Глядя на него в этот момент, Игнатьев понял, что, будь у его бывшего посольского сотрудника возможность действовать по своей воле, он бы сейчас был в авангарде наших войск, командуя казачьей полусотней. Каким бы грустным ни был его взгляд, просвечивало в нём столь важное в военном деле молодечество.
— Когда сели за стол и съели щи, — продолжил свой рассказ Николай Павлович, — раздался погребальный марш Преображенского полка и похоронный колокольный звон соседней церкви: несли тело молодого гвардейского офицера Тюрберта, раненного и потонувшего при переправе.
Государь поддался одному из тех великолепных сердечных влечений, которые ему свойственны, встал из-за стола и поспешил за гробом. Вошёл в церковь и присутствовал до конца отпевания. Мы все молились вместе с ним. Служил Ксенофонт Яковлевич Никольский, которого, я думаю, вы знаете.
Алексей Николаевич кивнул, мол, очень даже знаю, и с крайне огорчённым видом подпёр щеку рукой.
— А где похоронили Тюрберта?
— В преддверии той самой церкви, где его и отпевали, — пояснил Николай Павлович и, замолчав, подумал, что на войне каждый миг исключительный и, когда умирают люди, нити человеческой истории рвутся одна за другой.

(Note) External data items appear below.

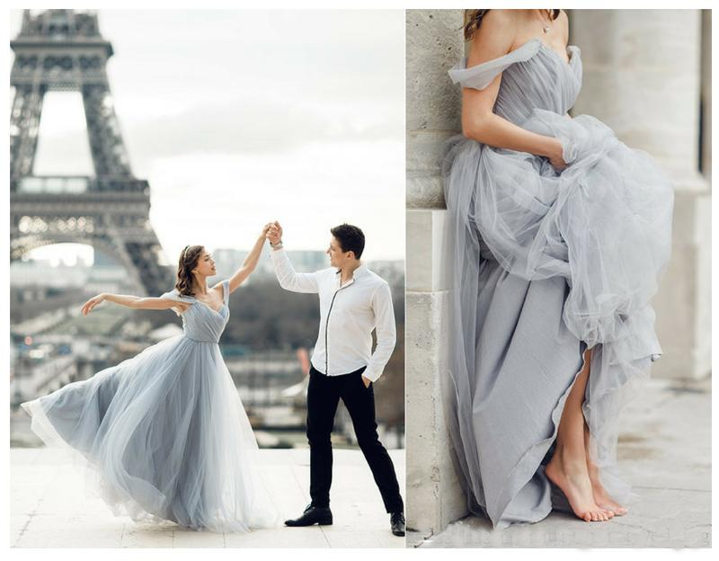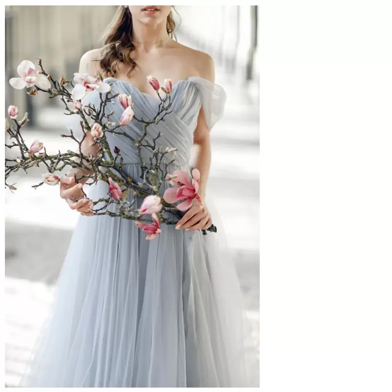 Off the Shoulder Dusty Blue Wedding Dresses Pleated Tulle Wedding Gowns Side Split Simple Bridal Dress
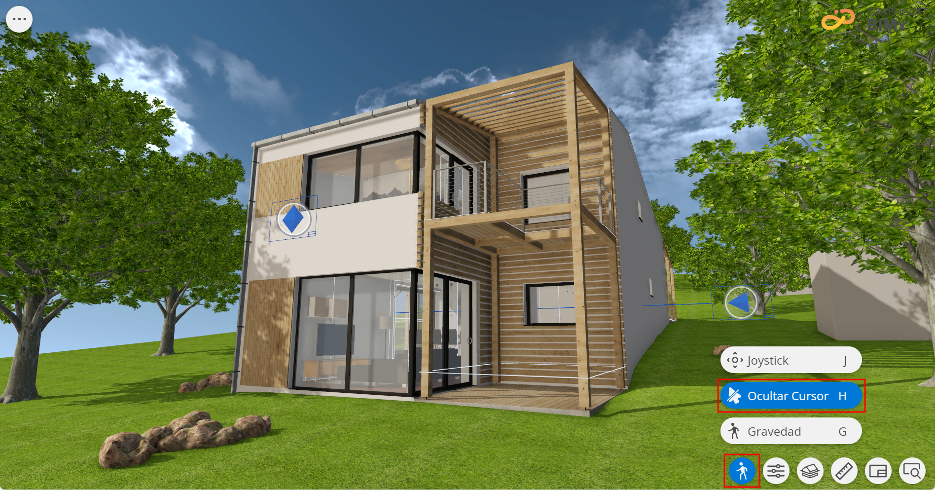 Ocultar el Navegador proporciona una navegación en primera persona, mientras que la cámara se controla directamente moviendo su dispositivo de entrada, por lo que no se necesitan clics.
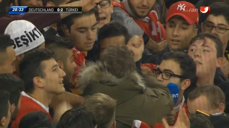 ran-Repoter Jörg Dahlmann scheut keine Mühen und geht mitten in den türkischen Block. Er wird herzlich von den Fans empfangen.
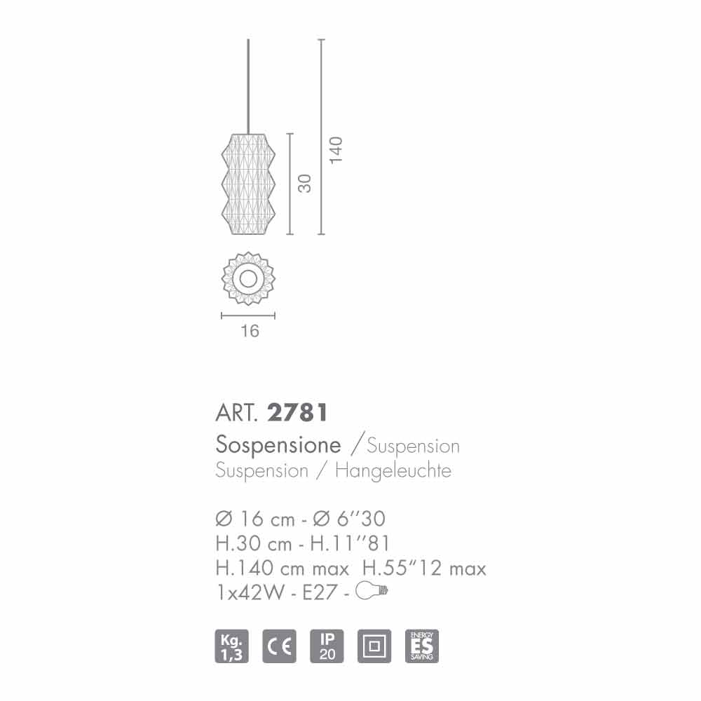Selene Origami pandantiv lampa sticla suflata O16 H 30 / 140cm
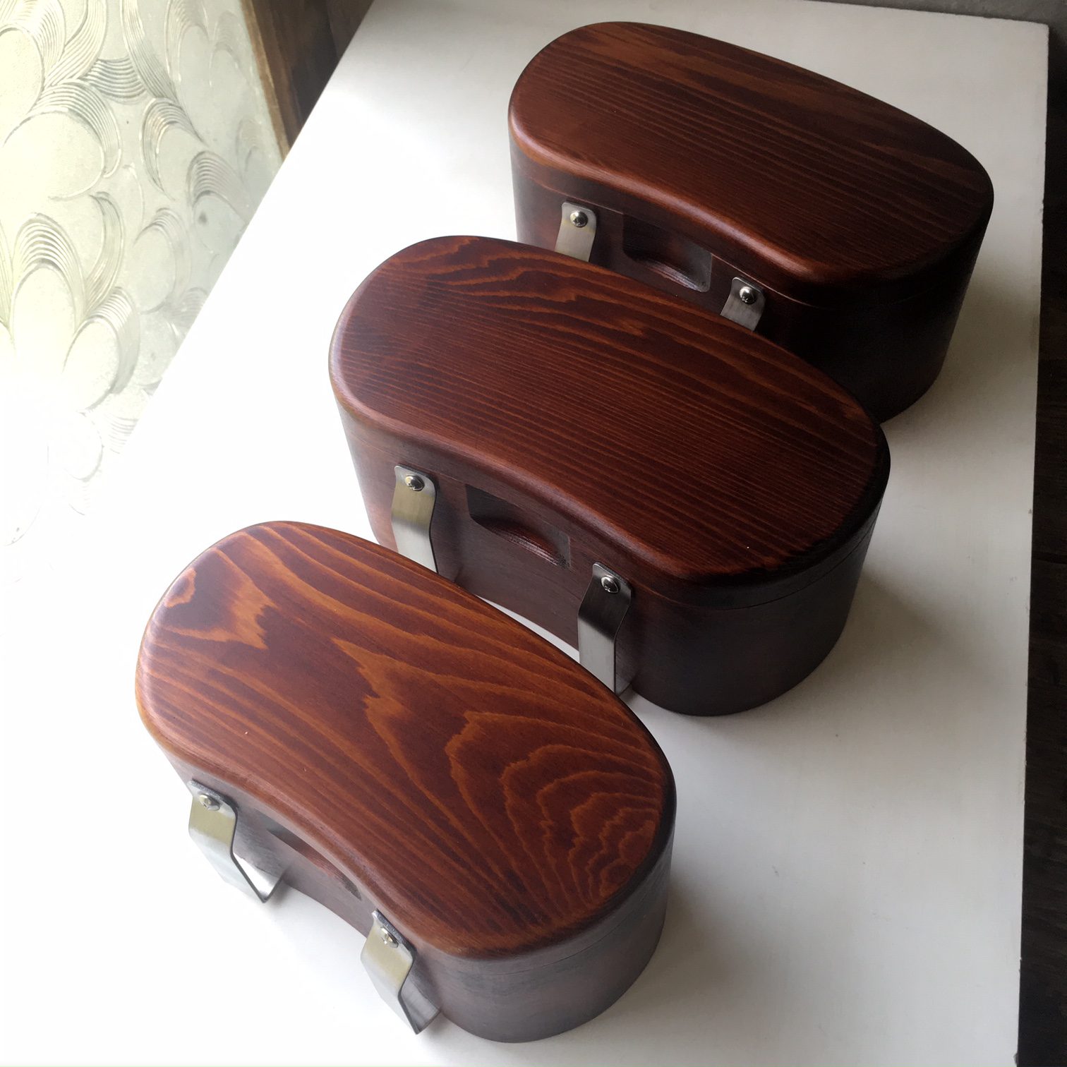 (蓋開け上の写真、奥からL一層、L二層、Mサイズの各一点)
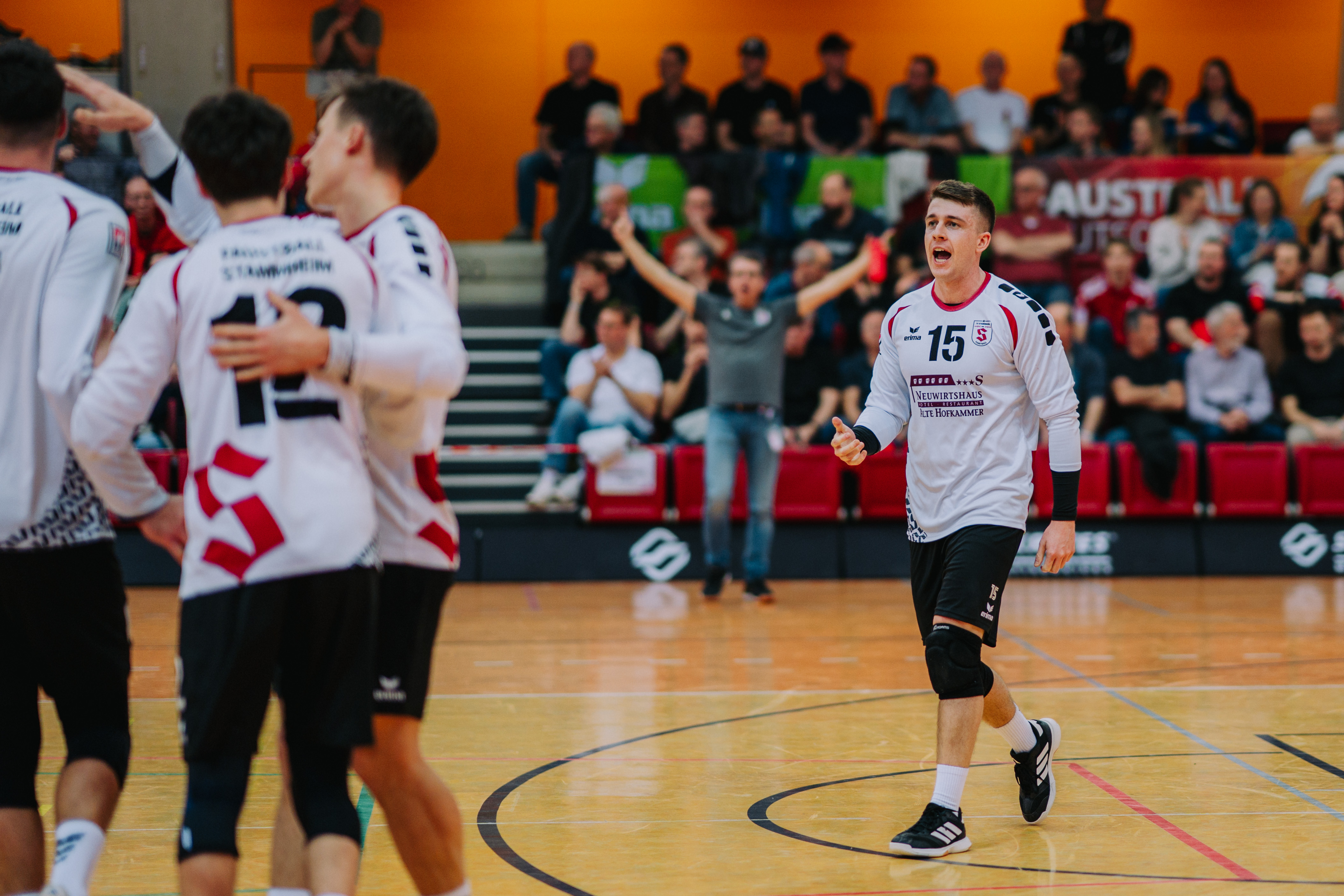 Andersherum lief es nach der 10-Minuten-Pause: Pfungstadt führte 7:2, bei Stammheim kam Heck für Gayer zurück ins Spiel – und Erlenmayer, der später verdient zum Player of the Match gekürt wurde, drehte auf. Bis 9:8 kam sein Team heran, dann schnürte Patrick Thomas den Sack zu. Auch nach mehreren Wechseln in der Abwehr blieb Stammheim ein gefährlicher Gegner für den Favoriten. Nach spektakulären Ballwechseln in einer hitziger werdenden Atmosphäre setzte sich die Klasse der Pfungstädter aber erneut durch. Der sechste und letzte Satz war ein Schaulaufen des Titelverteidigers. Kurz nach der 9:0-Führung aber zog sich Dennis Gruber, der bis dahin einen starken Assistenten am Zweitschlag abgab, eine Zerrung zu und konnte noch zusehen, wie seine Mannschaft mit dem noch schnell eingewechselten Andrew Fernando das Spiel locker ins Ziel schaukelte. Ob Gruber am Sonntag das Endspiel gegen TV 1880 Käfertal bestreiten kann, stand kurz nach dem Spiel noch in den Sternen.

На следующий день поднялся ветер. Он нёс с собою тучи пыли, которую подхватывал с большой дороги, проходившей в двадцати шагах от бивачной палатки Игнатьева. Спасение от ветра было, а от пыли нет. Она проникала во все щели, лежала толстым слоем на столе, песком скрипела на зубах и покрывала постель. Дмитрий устал с ней бороться. Николай Павлович сам ничего подобного не видывал. Даже в киргизских степях. Проведёшь рукою по столу — полгорсти пыли. От жары и ветра Дунай начал мелеть, и вода в нём стала мутною донельзя. Ни умыться, ни кашу сварить. Только на заварку чая и годилась. Коноводы, стаскивали с себя белые рубахи и, оголившись по пояс, купали и поили лошадей. Небо раскалилось так, что облака на горизонте, громоздившиеся одно на другое, приобрели розовый тон. Солнце стояло высоко в зените, и на речные перекаты невозможно было смотреть без прищура — серебром отражённого света нестерпимо резало глаза. Жара стояла утомительная, но еще утомительнее было бездействие и бесполезность, создаваемые лишними — с военной точки зрения — людьми. Игнатьев с юности усвоил: чем меньше штаб, тем легче выиграть сражение. Царский бивак был окружен повозками и лошадьми, но в особенности — навозом. Вонь стояла несусветная. «Скорее бы сдвинуться с места», — досадовал Николай Павлович, чувствуя, что погрязает в скуке точно так же, как императорская ставка погрязла в навозе. И всё бы ничего, но мухи! мухи! — злыдни. Их столько расплодилось, просто жуть. А по ночам зверели комары и били по ушам литавры — это с музыкой, с лихими песнями шли корпуса, бригады, и дивизии; с гиканьем и свистом проезжали казаки. «Ать-два!» — отсчитывали унтер-офицеры, хотя пехота шла, не укорачивая шаг — поспешным «суворовским» маршем. Першероны тянули орудия. Ржали кони, ссорились конюхи, а с четырёх часов утра начинали горланить петухи.